Mimi prend un ton sévère.
- Jacques, vous menez une vie impossible dans un air irrespirable.... Vous négligez vos chèvres qui ne donnent plus de lait. Le pauvre Ruben pâtit. Qu'est-ce que ça signifie ? Un homme de votre piété se doit de donner l'exemple !

La voix tragique résonne :
- Si mes chèvres sont malades, la faute en est aux rats bécus dont les trompes sucent le lait. Contre eux, rien à faire. Le Seigneur les envoie à ceux dont il entend éprouver la patience. Tuer les rats bécus ? Ce serait offenser l'Éternel !

Ce mot Éternel se prolonge et gronde comme si les voûtes du ciel tremblaient.
Mimi s'indigne. Je sens qu'elle pense que Bagrave se livre aux démons.
- Vous radotez ! Comment pouvez-vous croire à ces bêtises ? Les rats bécus ? Imagination !
Secouez ces histoires ! Nourrissez vos chèvres et le lait reviendra. Je vous assure que vous faites de la peine au bon Dieu.

Bagrave secoue sa crinière si vigoureusement que la fumée s'agite autour de lui.
- Le lait ? Qu'est-ce que le lait ? Un aliment mortel. Est-ce que l'âme se nourrit de lait ? Je pense bien à autre chose ! Mon coeur est tourmenté au-dedans de moi parce que les terreurs de la mort m'assaillent, parce que la crainte de la justice divine m'enveloppe.
- Vous déraillez tout à fait. Dieu n'aime que les responsables. Demandez-lui l'esprit de jugement, d'ordre et de travail.

Ces propos heurtent sans y pénétrer le front creusé de rides. Bagrave a un rire distant, désabusé.
- Mes poignets sont serrés par les chaînes de la paresse... Et qu'importe ! Que mes chèvres crèvent si le coeur leur en dit ! Moi, j'ai les ailes de la colombe, je m'envole de vision en vision, d'étoile en étoile, de ciel en ciel. Quand la misère m'obsède, quand la fumée m'étouffe, je me réfugie dans la gloire éternelle. Alors, la fumée m'aide à ne plus voir le monde.
- Sans doute, mais la fumée fait aussi tousser Ruben. Pour l'instant, Dieu ne vous demande pas de vous établir prématurément dans son ciel, mais de soigner celui qui vous est confié. Dieu vous aimerait-il moins si Ruben était mieux nourri, si ses vêtements étaient moins troués ? ... Allons, prenez ça, Jacques et remettez votre fils d'aplomb.

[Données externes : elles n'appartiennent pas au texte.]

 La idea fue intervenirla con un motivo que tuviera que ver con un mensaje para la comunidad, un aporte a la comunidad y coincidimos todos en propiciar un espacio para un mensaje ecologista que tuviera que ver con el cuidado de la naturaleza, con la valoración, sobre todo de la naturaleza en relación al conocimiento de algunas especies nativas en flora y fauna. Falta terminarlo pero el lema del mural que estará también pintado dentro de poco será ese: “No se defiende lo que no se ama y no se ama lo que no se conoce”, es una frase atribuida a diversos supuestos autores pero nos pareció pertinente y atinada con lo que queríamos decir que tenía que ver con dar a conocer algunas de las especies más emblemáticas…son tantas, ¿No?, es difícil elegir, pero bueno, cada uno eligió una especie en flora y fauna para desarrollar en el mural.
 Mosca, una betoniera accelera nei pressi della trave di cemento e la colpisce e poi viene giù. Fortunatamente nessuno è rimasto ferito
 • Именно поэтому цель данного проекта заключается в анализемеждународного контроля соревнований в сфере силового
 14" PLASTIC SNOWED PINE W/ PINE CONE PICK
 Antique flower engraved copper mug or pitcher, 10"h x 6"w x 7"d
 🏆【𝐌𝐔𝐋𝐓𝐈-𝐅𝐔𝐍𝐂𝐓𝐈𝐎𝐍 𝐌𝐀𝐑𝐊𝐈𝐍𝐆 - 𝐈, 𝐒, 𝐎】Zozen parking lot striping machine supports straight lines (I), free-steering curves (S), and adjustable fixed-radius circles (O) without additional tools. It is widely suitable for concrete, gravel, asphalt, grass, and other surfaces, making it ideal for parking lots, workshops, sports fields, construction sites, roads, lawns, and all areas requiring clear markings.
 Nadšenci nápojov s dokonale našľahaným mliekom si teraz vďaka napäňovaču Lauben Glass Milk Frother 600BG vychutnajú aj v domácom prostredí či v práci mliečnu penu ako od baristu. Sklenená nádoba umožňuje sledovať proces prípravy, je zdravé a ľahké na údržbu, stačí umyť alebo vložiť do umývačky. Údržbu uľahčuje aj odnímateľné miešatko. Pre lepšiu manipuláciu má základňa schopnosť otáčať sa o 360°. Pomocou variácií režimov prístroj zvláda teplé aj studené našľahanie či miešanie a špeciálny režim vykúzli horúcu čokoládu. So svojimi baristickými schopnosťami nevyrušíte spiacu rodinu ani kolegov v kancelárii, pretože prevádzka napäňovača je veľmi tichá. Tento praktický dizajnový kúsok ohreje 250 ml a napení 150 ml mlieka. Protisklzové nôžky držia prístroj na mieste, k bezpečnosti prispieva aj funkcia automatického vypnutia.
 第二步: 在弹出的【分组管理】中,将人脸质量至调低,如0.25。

Ça, c'est un pain, un tourteau de noix, un morceau de cochon. Jacques Bagrave s'est levé.
- Seigneur, qu'ils sont beaux les pieds de tes messagers !
- Sans doute, mais pourquoi Ruben ne vient-il plus à l'école ?
- Avant-hier, il a laissé la moitié de sa houppelande aux ronces du chemin. Le moyen, maintenant, de cacher sa nudité ?
- Où est-il ?
- Ah !... Sait-on jamais où sont les enfants !
- Ce soir, il aura un vêtement. Mais demain, l'école !
- Ah ! les bienfaits pleuvent sur moi comme la manne au désert. Pour remercier, j'irai ce soir à la réunion mêler ma voix au concert des anges. Allez doucement ! Et que Dieu éclaire votre sentier...

Nous nous éloignons sous les bénédictions. Mimi me prend le bras.
- Il est brave, ce Jacques. Mais il en a trop vu !... Sa religion est toute dans l'imagination, rien dans la tête. Petite, souviens-toi de ça : il s'agit que tout s'équilibre sinon la force fuit par une fissure.